3.2.4. Associations of Purkinje cells and behavior in non-ataxic chimeric mice
Means of the two non-ataxic Purkinje cell groups (medium, high) did not differ significantly on measures of learning, cognitive flexibility, response latency, or reward collection latency. To determine if more subtle relationships between Purkinje cells and behavior could be detected, we performed Pearson product moment correlations to examine the relationship of Purkinje cell number and performance measures at all stages of the IED task. On the CD stage, we observed significant positive correlations between Purkinje cells and errors to criterion (r = .33, p < .05), sessions to criterion (r = .32, p < .05), and response latency (r = .34, p < .05). These relationships indicate that on the CD stage non-ataxic chimeras with more Purkinje cells took longer to respond and committed more errors relative to chimeras with fewer Purkinje cells. Scatterplots of the errors to criterion measure at all IED stages are depicted in Figure 7.
Figure 7.
In non-ataxic mice, errors to criterion and sessions to criterion (data not shown) were significantly positively correlated with Purkinje cells on the CD stage but not on other stages.
4. DISCUSSION
We assessed the effect of developmental cerebellar Purkinje cell loss on visual discrimination, reversal learning, attentional set-acquisition, and attentional set-shifting in mice. Aggregation chimeras produced from lurcher mutant and wildtype embryos were tested on a touchscreen mediated attentional set-shifting task adapted from those used with humans and non-human primates (Figure 1).
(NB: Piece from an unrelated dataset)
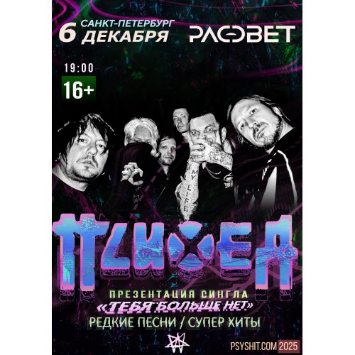 После первой части успешного тура по России группа решила сделать вторую часть весной!! А пока разбирает архивы и презентует сингл «Тебя больше нет», из планирующегося к выходу весной ЕР неизданых и редких песен Психеи записанных в современном звуке!Композиция из 99-2000 года, которая только исполнялась на концертах увидит свет в студийной версии! На релизе планируется еще 4 или 5 песен! Так же на концерте будут исполнены композиции не часто играемые на концертах и конечно все суперхиты с самых разных альбомов! Авторское видеошоу, свет, звук, горы нового мерча также будут присутствовать на концерте! Ну и конечно атмосфера праздника Психеи, которую создаете все вы — поклонники творчества самых разных возрастов и поколений! Ждем Всех!

Following behavioral testing, Purkinje cells were quantified (Figures 2, 3). Mice with ≥ 95% Purkinje cell loss exhibited impaired reversal learning and extra dimensional set-shifting performance on the IED task (Figures 4, 5). Visual discrimination and intradimensional set-shifting performance of these mice was unimpaired. Propensity to collect a reward following a correct response was > 95% at all stages in all Purkinje cell groups (Figure 6A). In addition to exhibiting cognitive deficits, mice with ≥ 95% Purkinje cell loss were ataxic and exhibited significantly longer response and food collection latencies relative to non-ataxic chimeras (Figure 6B, C, D). Importantly, significantly-elevated food collection and response latencies in ataxic mice were observed at all stages and did not vary significantly across stages, whereas cognitive deficits were observed only on reversal learning and extradimensional set-shifting stages. In non-ataxic mice, positive associations between Purkinje cells and IED performance were observed on the CD stage.
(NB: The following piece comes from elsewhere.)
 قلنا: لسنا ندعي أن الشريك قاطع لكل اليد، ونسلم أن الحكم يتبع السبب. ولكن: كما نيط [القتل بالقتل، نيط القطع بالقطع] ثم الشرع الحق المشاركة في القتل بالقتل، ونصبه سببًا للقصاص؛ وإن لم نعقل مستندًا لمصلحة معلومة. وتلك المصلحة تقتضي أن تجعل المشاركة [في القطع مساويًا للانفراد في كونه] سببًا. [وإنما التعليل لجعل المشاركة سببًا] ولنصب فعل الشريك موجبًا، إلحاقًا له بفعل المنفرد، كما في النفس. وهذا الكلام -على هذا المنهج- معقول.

4.1 Cerebellar contribution to higher- and lower-order rule learning and cognitive flexibility
In the present study, the low, medium, and high Purkinje cell groups exhibited equivalent performance on the SD stage (Figure 4). These data indicate that the ability of mice to acquire a food-motivated learning task and to discriminate between visual stimuli was not affected by Purkinje cell number. Moreover, equivalent performance of mice in all three groups indicates that the ataxic gait exhibited by all chimeras in the low Purkinje cell group did not affect their ability to perform the visual discrimination task. These conclusions are consistent with those of a previous study in which we found equivalent performance across Purkinje cell groups on the acquisition of a conditional visual discrimination (Dickson et al., 2010). In reversal learning and IED behavioral assays, performance on the SD stage is a measure of the ability to learn a lower-order rule (Wise et al., 1996). Equivalent performance of all Purkinje cell groups on the SD stage in the present study and in our previous study (Dickson et al., 2010) suggests that the cerebellum is not involved in lower-order rule learning.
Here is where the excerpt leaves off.